悠真は少し迷ったが、結局その傘を受け取った。
「じゃあ明日返す」
「うん」
それが二人の最初の会話だった。
そして悠真は、そのとき既に打算を抱いていた。
翌月に控えた奨学金選抜試験。
家庭の事情で大学進学を諦めたくなかった彼にとって、それは人生を左右するものだった。

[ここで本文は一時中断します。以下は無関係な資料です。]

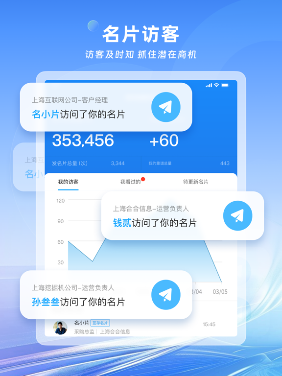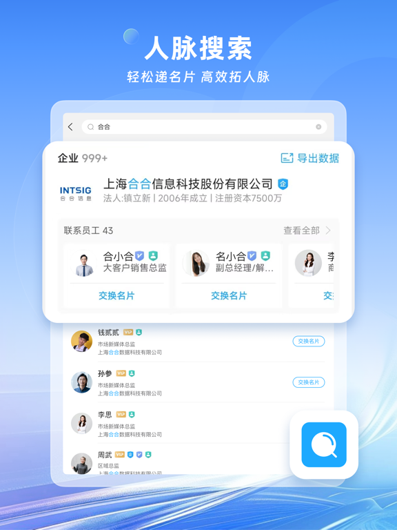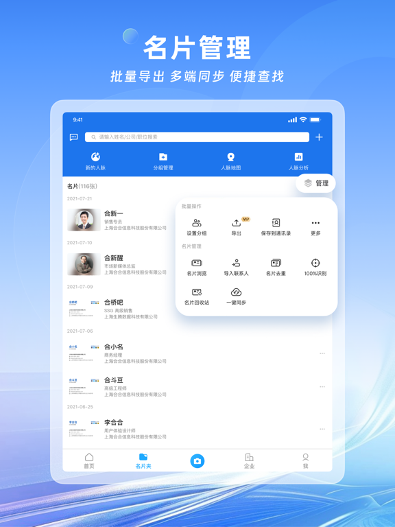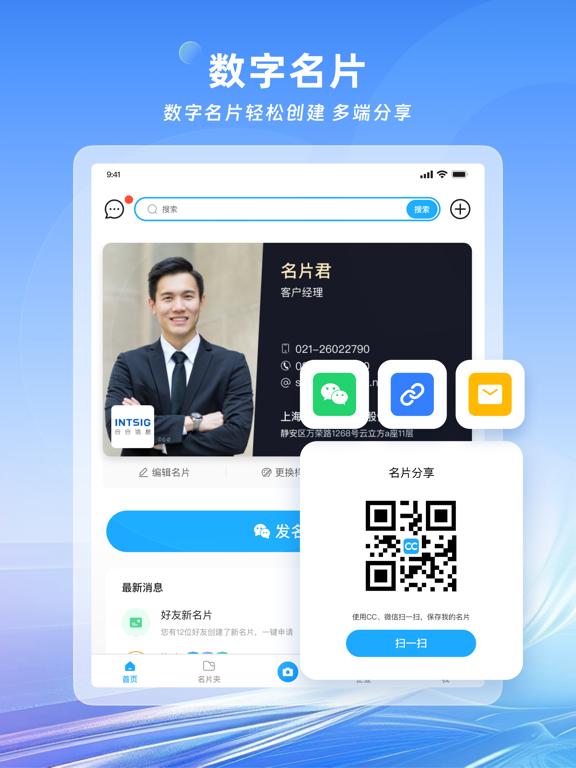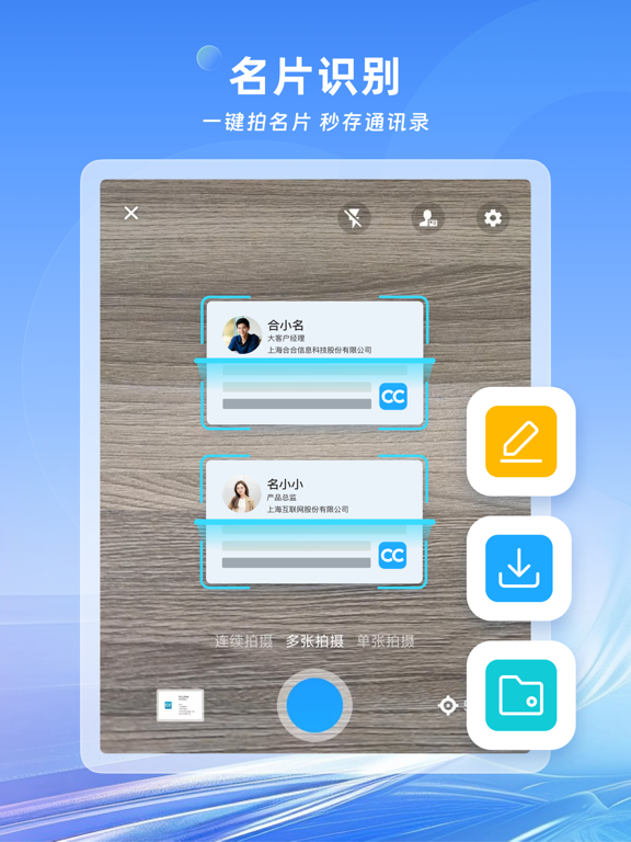 合合信息旗下的名片全能王深受海内外用户喜爱。 从纸质名片扫描管理、数字名片多渠道分享、拓展商务人脉,到查找、评估、联系企业,名片全能王帮你打通商业通道,助您建立更高效的商业连接。 产品支持拍照识别、批量导入、手动录入等多种方式采集和管理名片信息,并推出 数字名片 功能,支持一键分享至微信、企业微信、钉钉、QQ 等多平台,让个人和企业随时展示专业形象,获取更多潜在商机。 * “名片全能王无疑是所有名片识别软件的佼佼者”—纽约时报 * “绝佳地代表了智能手机时代人们如何管理联系人”—BBC * “瞬间保存销售线索,销售人员都推荐的软件”—Inc.com * “一堆名片一下子就全进了手机,用起来就是这么简单”—CBS ------为何要用名片全能王------ 一、扫描管理纸质名片 1、【手机拍名片,快速存进通讯录】 用名片全能王拍名片,自动扫描并精准识别名片上的信息,快速保存到手机通讯录。 支持单张拍摄、多张拍摄、连续拍摄、秘书模式帮老板扫名片、官方代扫名片等。 在互联网与智能办公趋势下,名片全能王不断升级迭代。 本次更新带来全新功能:新增AI 高精度识别 - 识别引擎全面优化,支持全球多语言名片识别,准确率更高。 - 支持多拍、批量等所有扫描场景的 AI 高精度识别,自动录入名片信息,告别繁琐的人工校对,效率倍增。 - 多国语言轻松识别与处理,帮你高效管理全球客户,拓展国际业务版图。 2、【云端备份,多终端同步,安全方便】 扫描保存的所有联系人,登录账号可实时同步到云端,安全备份不丢失。随时随地查找、编辑、去重、备注、分组管理。 3、【批量导出名片信息,便捷编辑及分享】 导出Excel或VCF文件,方便备份到dropbox等第三方网盘,以及导入到Salesforce、Google、Outlook等企业CRM中,是企业客户管理利器。 二、高效分发数字名片 1、【带经历成就的数字名片,提升竞争力】 名片全能王数字名片,既包含纸质名片的所有信息,还能添加工作和教育经历、个人成就、作品、项目等内容,让客户更了解你。 2、【名片更新即时提醒,不错失重要商机】 名片联系人的公司职位联系方式有更新时,即时给您发送提醒,让您可以及时送出祝贺,保持人脉新鲜。 3、【名片访客实时查看,不遗漏潜在商机】 有人查看您名片时,即使告知您,让您可以快速交换名片,拓展商业人脉。 4、【多种认证标识,更得到客户信赖】 实名认证、职业认证、企业认证,名片信息真实性更有保证,合作更靠谱。 三、多维度查询企业信息 1、【快速查询企业工商、信用、产品、服务等信息】 扫描保存完客户名片,点击名片中的公司名,就能查看名片主人的企业工商,注册资本、信用、专利等信息,帮您快速评估企业的靠谱程度。 如果你从事金融、投资、法律、商务,不用在电脑上刷半天网页费力查找,这些基本的企业资料,让你能快速评估一家企业大致的经营状态。 2、【轻松联系上企业,业务展开事半功倍】 还在网上找找找,花人情绞尽脑汁多方打听相关人脉联系企业?用名片全能王就可以轻松做到这些。 只需输入关键字:企业名、名片拼音,股东,高管,品牌,地址等等,就能快速检索到相关企业,进入目标企业详情页,可以看到该企业下主动公开信息的企业员工,找到业务负责人与他在线交换名片,让业务展开事半功倍。 从查找、评估、到联络,名片全能王帮你快速实现与企业对话。 ------升级VIP会员,享更多强大功能------ * 批量导出名片信息:导出Excel、VCF模式,便捷管理及分享 * 精准识别:AI+专业人工校对,名片信息正确识别,关键时刻快速搜到联系人 * 同步第三方CRM:Sales force、Google通讯录、Outlook * 多张数字名片:不同场合,不同职位,发不同样式的数字名片 * 秘书功能:设置秘书账号,整理名片TA来帮你做 * 代扫名片:成堆名片帮你扫,快速存入通讯录 * 地图模式:随时查看附近的联系人,拜访客户效率提升3倍 * 提升搜企业上限:每日搜索查看企业次数提升2倍 * 解锁更多企业信息:所属集团、历史工商信息、股东高管关联信息、疑似控制人、疑似关系、受益所有人等 * 企业数字批量导出:导出Excel,便捷管理分享跟进及查看 * 下载多种企业报告:PDF格式,便捷查看及分享 * 尊贵标识:开通会员,显示VIP会员尊贵标识 * 修改应用logo显示为会员专属 ------购买须知------ * 当您确认购买后,您的iTunes账户将被扣除相应费用; * 若当前订购周期结束前24小时内仍未取消续订,将会自动续订下个周期的VIP会员,并通过您的账户扣除相应费用; * 在当前订购周期内,无法取消当前周期的使用; * 您可通过iTunes账户的设置,随时管理或者取消您的订阅和自动续费。 * 隐私政策请访问:https://s.intsig.net/r/terms/PP_CamCard_zh-cn_IOS.html * 用户协议请访问:https://s.intsig.net/r/terms/TS_CamCard_zh-cn.html ------大家都在用名片全能王做什么------ 团队Leader:能识别16种语言的名片,对于客户散布全球各国的人来说,简直太方便了! 销售/采购:名片识别率高,瞬间保存销售线索,结识潜力客户,名片全能王帮我获得更多商机更多业绩。 市场/商务:微信群多,朋友客户傻傻分不清,一旦弄错很尴尬,现在跟客户聊就用名片全能王,公私分明。 金融/法务:做背调简直太给力!!不再花几个小时在十几个网站上找,企业详细背景资料唾手可得。 客户拓展:能轻松地创建和设计自己的个性化名片,并将其传播给更多的潜在客户和合作伙伴

しかし学年首位を争う成績を持つ白石紗奈は、過去の試験傾向や教師の評価基準にも詳しいと噂されていた。
仲良くなれれば有利になる。
ただ、それだけだった。
翌日。
傘を返したあと、彼は自然を装って話しかけた。
「白石さんって、いつも図書室にいるよね」
「よく見てるね」
「偶然だよ」
嘘だった。
数日前から観察していた。
彼女がどこで昼食を取るのか。
誰と話すのか。
どんな本を読むのか。
距離を縮めるための情報収集だった。
自分でも嫌になるほど計算高いと思った。
だが、進学のためなら仕方がない。
そう自分に言い聞かせた。
それから数週間。
二人は少しずつ会話を重ねた。
図書室。
中庭。
帰り道。
紗奈は話し上手ではなかったが、聞き上手だった。
悠真の何気ない愚痴にも真剣に耳を傾ける。
「朝倉くんって、意外と心配性なんだね」
ある日そう言われた。
「そう見える?」
「見える」
「初めて言われた」
「じゃあ私が第一号」
彼女は少し得意げに笑った。
その笑顔を見た瞬間、悠真は妙な感覚を覚えた。
胸の奥がわずかに揺れた気がした。
だがすぐに首を振る。
違う。
これは目的のためだ。
ただの手段だ。
そう思った。
しかし人の心は、思い通りにはならない。
六月。
試験勉強が本格化する頃。
紗奈が学校を休んだ。
一日、二日、三日――。
担任は「体調不良」とだけ説明した。
悠真は気になった。
最初は情報源が減るからだと思っていた。
だが違った。
気づけば何度もスマートフォンを見ていた。
連絡先を交換していたにもかかわらず、メッセージを送る勇気が出なかった。
四日目の夜。
ようやく短い文章を送った。
『大丈夫?』
数分後。
返信が来た。
『ありがとう』
それだけだった。
だが少し安心した。
翌週、紗奈は学校へ戻ってきた。
以前より痩せて見えた。
顔色も悪い。
「無理してない?」
昼休み、悠真が尋ねる。
「平気」
「平気そうに見えない」
「みんなそう言う」
彼女は苦笑した。
その笑顔がどこか寂しそうで、悠真はそれ以上聞けなかった。
夏休み前日。
試験結果が発表された。
悠真は選抜に通過した。
目標だった順位も獲得できた。
大きな壁を越えた達成感。
だが不思議なことに、真っ先に思い浮かんだのは紗奈だった。
放課後、彼は彼女を探した。
校舎裏のベンチで見つける。
「受かったよ」
「知ってる」
「ありがとう」
「私、何もしてない」
「そんなことない」
本当にそう思った。
最初は利用するつもりだった。
でも今は違う。
彼女と話した時間。
励まされた言葉。
一緒に過ごした日々。
それらが自分を支えていた。
「白石さん」
「なに?」
「俺さ――」
好きだ。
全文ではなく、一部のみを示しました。